Practical Introduction
Suppose you are building an internal tool that needs an AI Coding Agent to automatically review PRs. Now you have two paths:
Path A (Build it Yourself):
- Set up a sandbox environment (for secure isolation)
- Handle Agent state persistence (reconnection)
- Manage context windows (prevent Agent context overflow)
- Integrate code parsing tools (AST/grep/semantic search)
- Handle Agent → codebase write permission issues
- … (Do you have 3 more sprints for this?)
Path B (Use Cursor SDK):
const agent = await Agent.create({
apiKey: process.env.CURSOR_API_KEY!,
model: { id: "composer-2" },
cloud: { repos: [{ url: repoUrl }], autoCreatePR: true },
});
const result = await (await Agent.getRun(run.id, { runtime: "cloud" })).wait();
console.log(result.git?.branches[0]?.prUrl);
The cookbook is the code-level roadmap for Path B—it packages the production-grade Harness used internally by Cursor into a service that anyone can use with just a few lines of TypeScript.

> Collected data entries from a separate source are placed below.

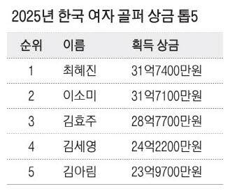 2025시즌 미국과 한국 등에서 주요 투어 일정이 마무리된 가운데 올해 상금으로 재미를 본 여자 골퍼는 주로 미국여자프로골프(LPGA) 투어에서 뛴 선수들이었다. LPGA 무대에서 시즌 상금 100만달러(약 14억6500만원) 이상을 기록한 한국 선수는 모두 8명이었다. 올해 한국여자프로골프(KLPGA) 투어에서 13억4152만원의 상금을 획득해 상금왕을 달성했던 홍정민보다 더 번 셈이다.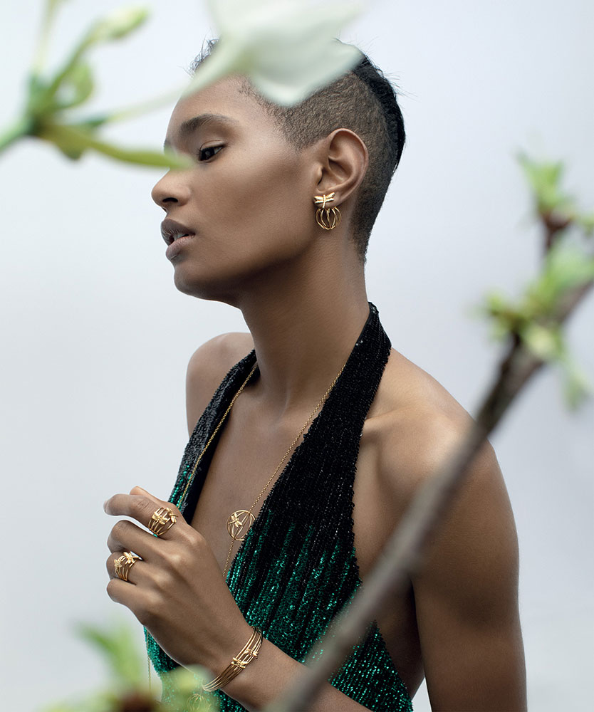 今秋発売した「モダンガーデン」ジュエリーコレクションは、トンボのリングや花柄のラップネックレス、鳥かごの曲線を表現したサークルピアスなど、フェミニンで遊び心に満ちた個性的なアイテムが揃い、クリスマスギフトにもぴったり。メンズには、アルマーニのイーグルロゴを配したカフスやブレスレット、スクエアペンダント付ステンレススチールネックレスなど、デイリーユースにぴったりなシンプルでスタイリッシュなアイテムが揃う。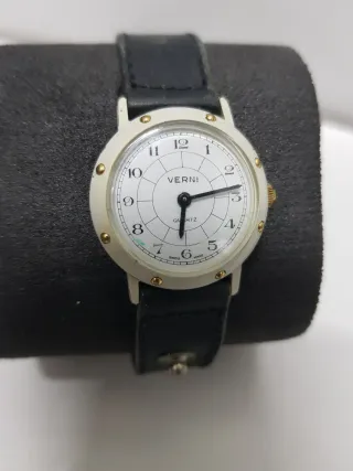 Elegante reloj de pulsera con correa de cuero. - Esfera blanca con números arábigos. - Bisel plateado con detalles dorados. - Correa de cuero negra.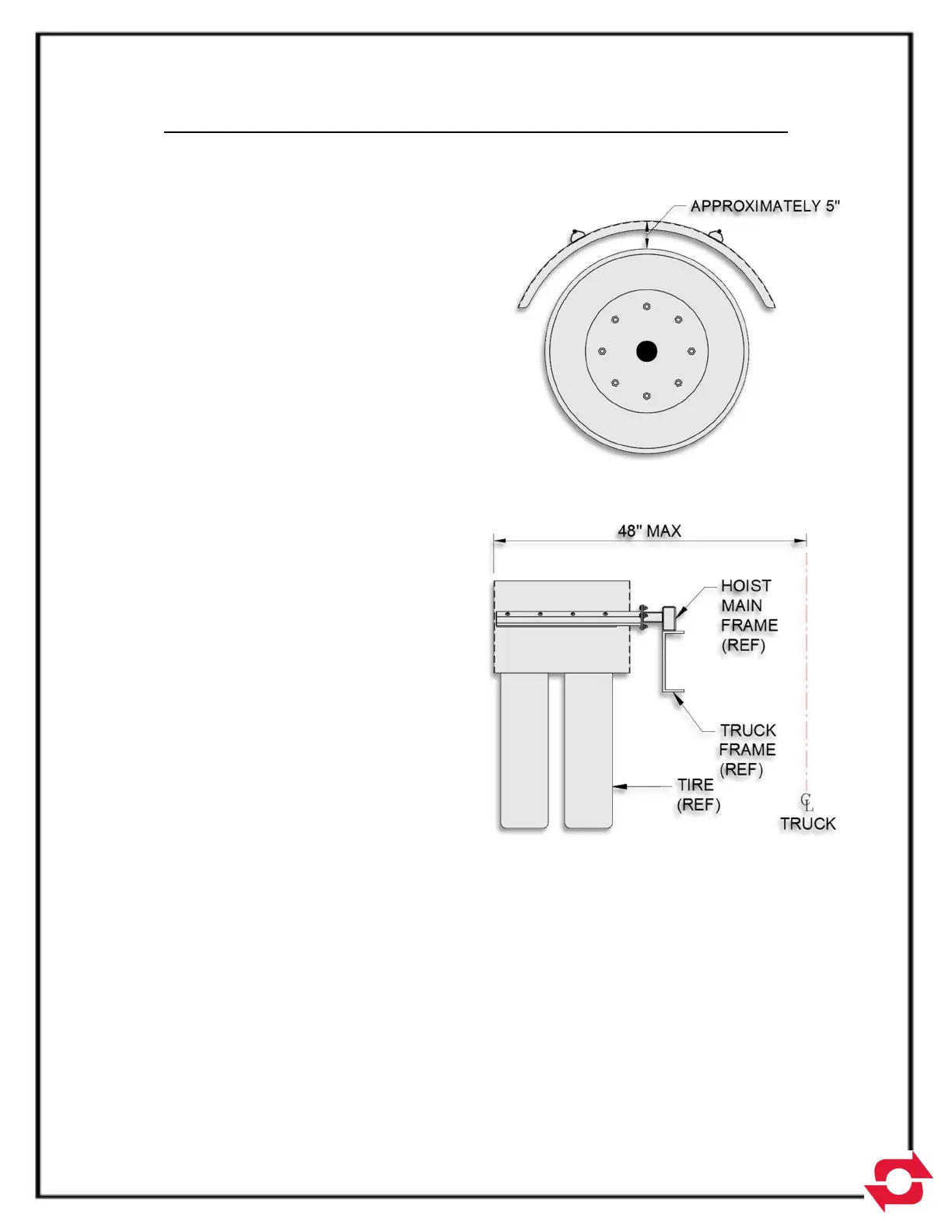 approximately 5” above tire to allow for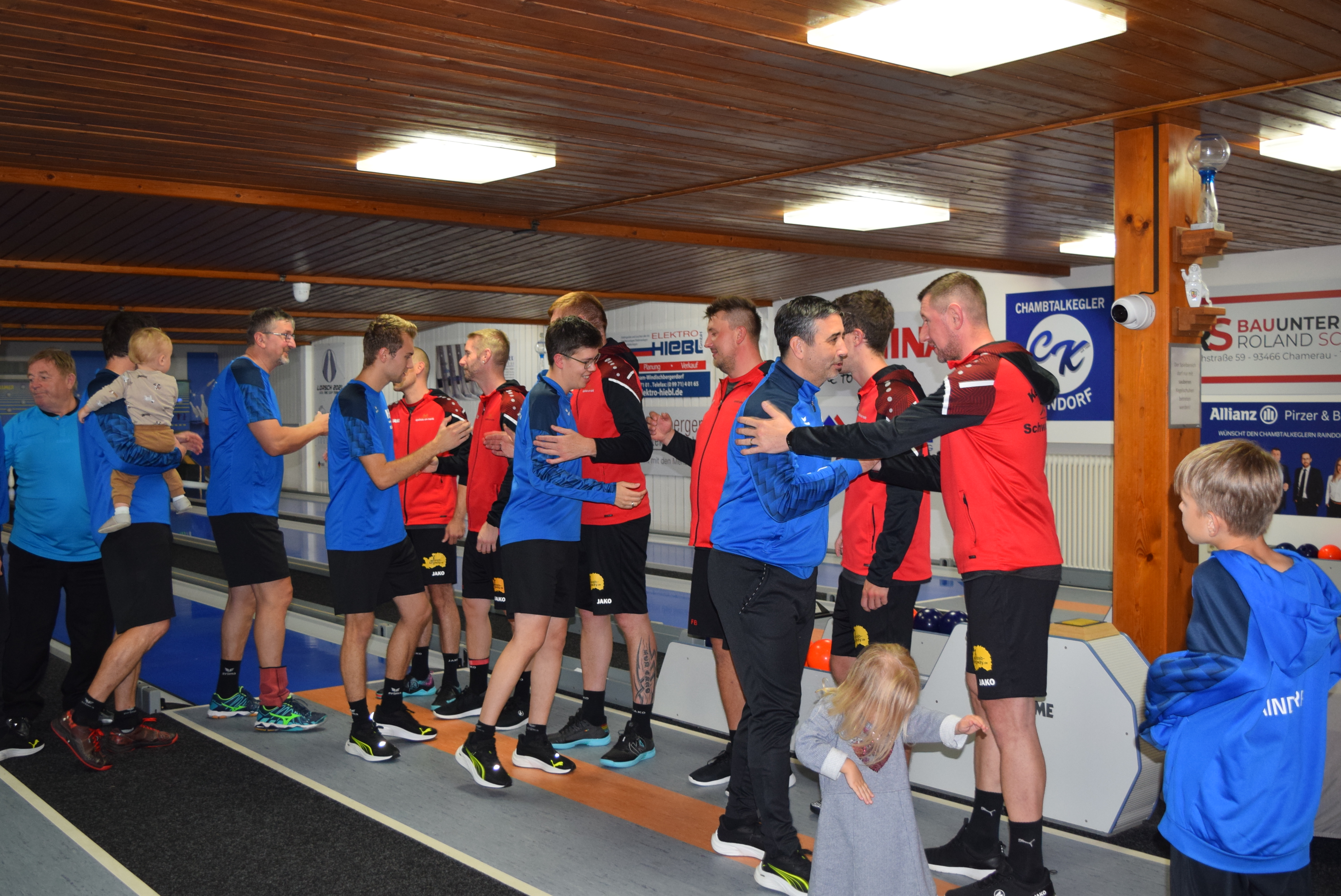 Gedämpfte Stimmung bei den Gastgebern, die jedoch mit Jürgen Pointinger und Taras Elsinger zwei Ausnahmeathleten ins Rennen schickten. Stephan Drexler und Timo Alander hatten die Aufgabe den Vorsprung zu verteidigen. Drexler bemühte sich gegen die strammen Anwürfe des Raindorfers um nicht unter die Räder zu kommen, bekam jedoch keine Chance auf einen Satzpunkt und verlor sein Spiel mit 0:4 (598:661). Alander, noch im ersten Satz erfolglos, steigerte sich von Bahn zu Bahn und wehrte sich erfolgreich zum 3:1 (632:651). Äußerst spannend die letzten Würfe im Chambtaler Hof, Elsinger mit drei Handneunern setzte Alander massiv unter Druck, der dem jedoch Stand hielt und mit drei Kegel Vorsprung den dritten Satz ins Ziel rettete.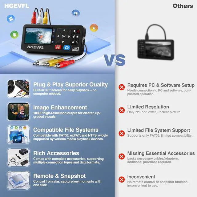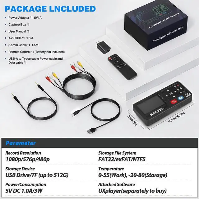 Accessories Included: Package includes a 5V power adapter HDMI cable USB-C cable AV cable user manual and remote control. The remote enables convenient operation like one-touch recording playback and screenshot capturingperfect for digitizing and preserving home video contentSimple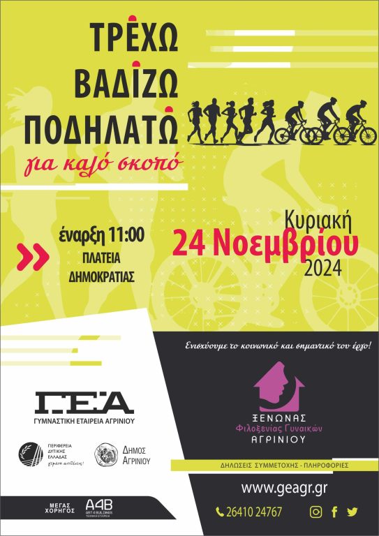 Αιτωλοακαρνανία 2024-11-06 Αγρίνιο: «Τρέχω, βαδίζω, ποδηλατώ στην πόλη μου» την Κυριακή 24 Νοεμβρίου Δυτικά FM Tην Κυριακή 24 Νοεμβρίου θα διεξαχθεί το «Τρέχω, βαδίζω, ποδηλατώ στην πόλη μου» και ήδη ξεκίνησαν οι ηλεκτρονικές δηλώσεις συμμετοχής στο www.geagr.gr/simmetoxi2024
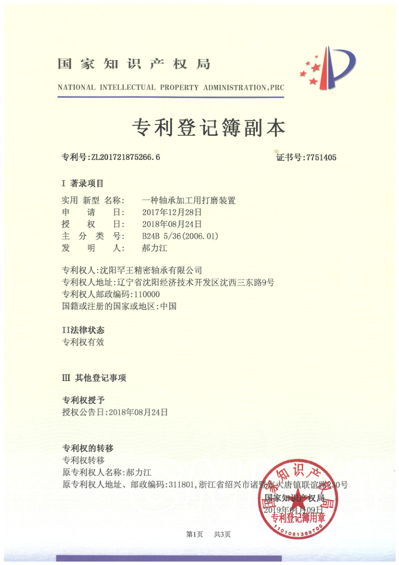 转让专利 一种轴承用加工打磨装置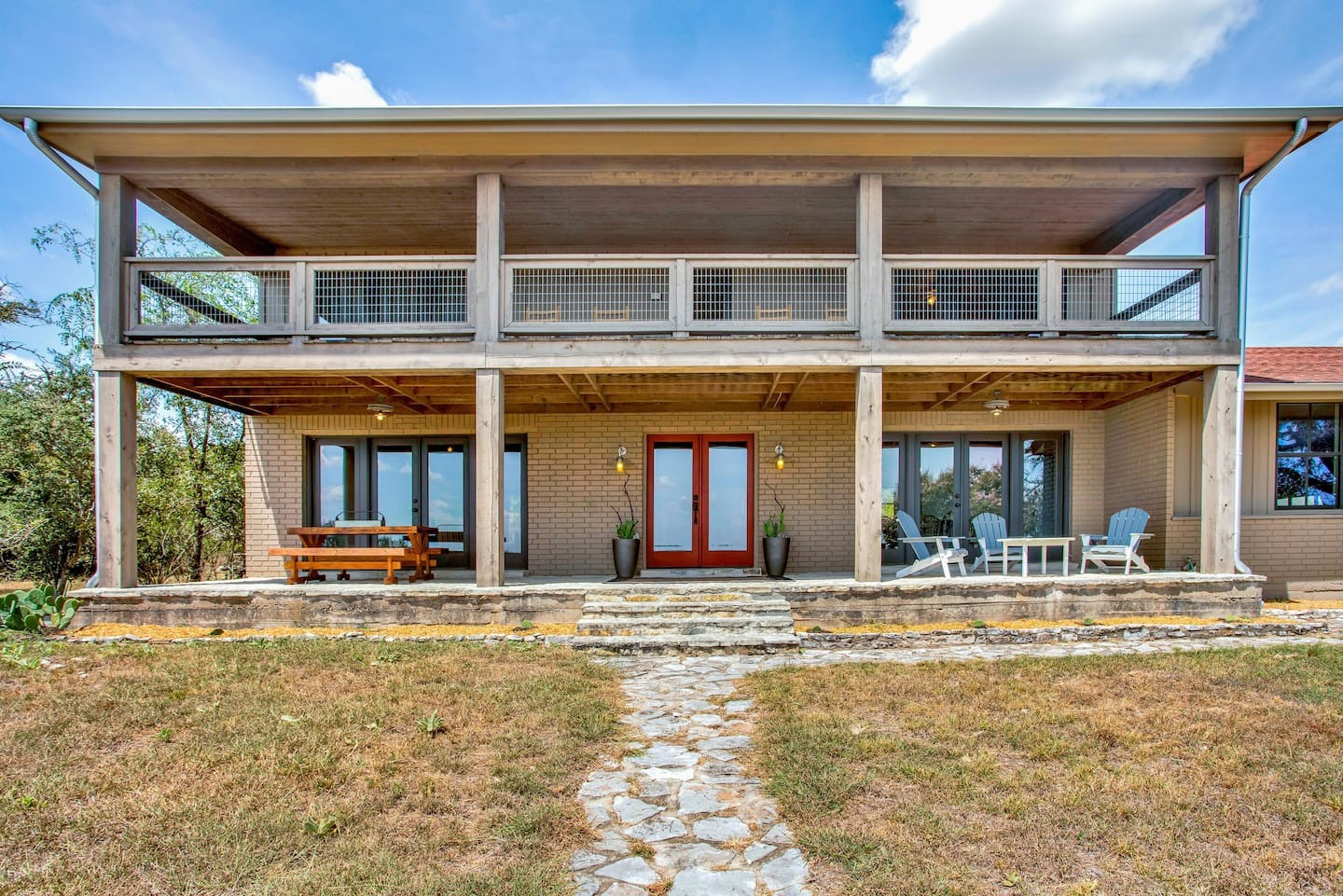 Forget your worries in this spacious and serene space. Perched atop the hill, Hilltop Home is a 3 bedroom/ 2.5 bath brick home that takes full advantage of the spectacular views. Situated on 6 acres & located only 4 miles North of Fredericksburg, this two story home offers great upper & lower porches that spans the entire front of the home with million dollar views. Inside you will find a tastefully updated kitchen, big rock fireplace, bonus room which could be a 4th bedroom or office and formal dining. Sleeps 10.

Comparison with Other Solutions
| Solution | Advantages | Limitations |
|---|---|---|
| cursor/cookbook + @cursor/sdk | Cursor’s own Harness (continuously iterating), Cloud Agent no maintenance, Composer 2 cost optimization | Depends on the Cursor ecosystem (not all scenarios are suitable for relinquishing control to Cursor) |
| OpenAI Agents SDK | Official OpenAI, rich tool ecosystem | Production-grade features require additional engineering investment |
| Building from Scratch | Fully controllable | Building a production-grade Harness takes 3-6 months (referencing Cursor’s own iteration cycle) |
The cookbook’s position is: allowing you not to reinvent the Cursor wheel from scratch while retaining full customization flexibility. You are using the same runtime, but the invocation method is under your control.
Quick Start
# 1. Install SDK
npm install @cursor/sdk
# 2. Get API Key (Cursor integrations dashboard)
# https://cursor.com/dashboard/integrations
# 3. Clone cookbook
git clone https://github.com/cursor/cookbook
cd cookbook
# 4. Run Quickstart
CURSOR_API_KEY=your_key node quickstart/index.ts
The cookbook’s 5 samples cover the full spectrum from “the simplest one-time call” to “complex multi-Agent orchestration”—whether you are validating feasibility or building a production system, you can find close references within.
Related Knowledge
This article is a companion project recommendation for the continuous improvement of the Cursor Agent Harness:
- Articles discuss how Cursor has transformed its Harness into a measurable engineering practice through online experiments, Keep Rate metrics, and model customization.
- Projects showcase the productized results of this engineering practice—
@cursor/sdkand its cookbook example repository.
The thematic connection between the two is: from “experiment-driven improvement” to “SDK productization”—the former is a methodology, the latter is a carrier.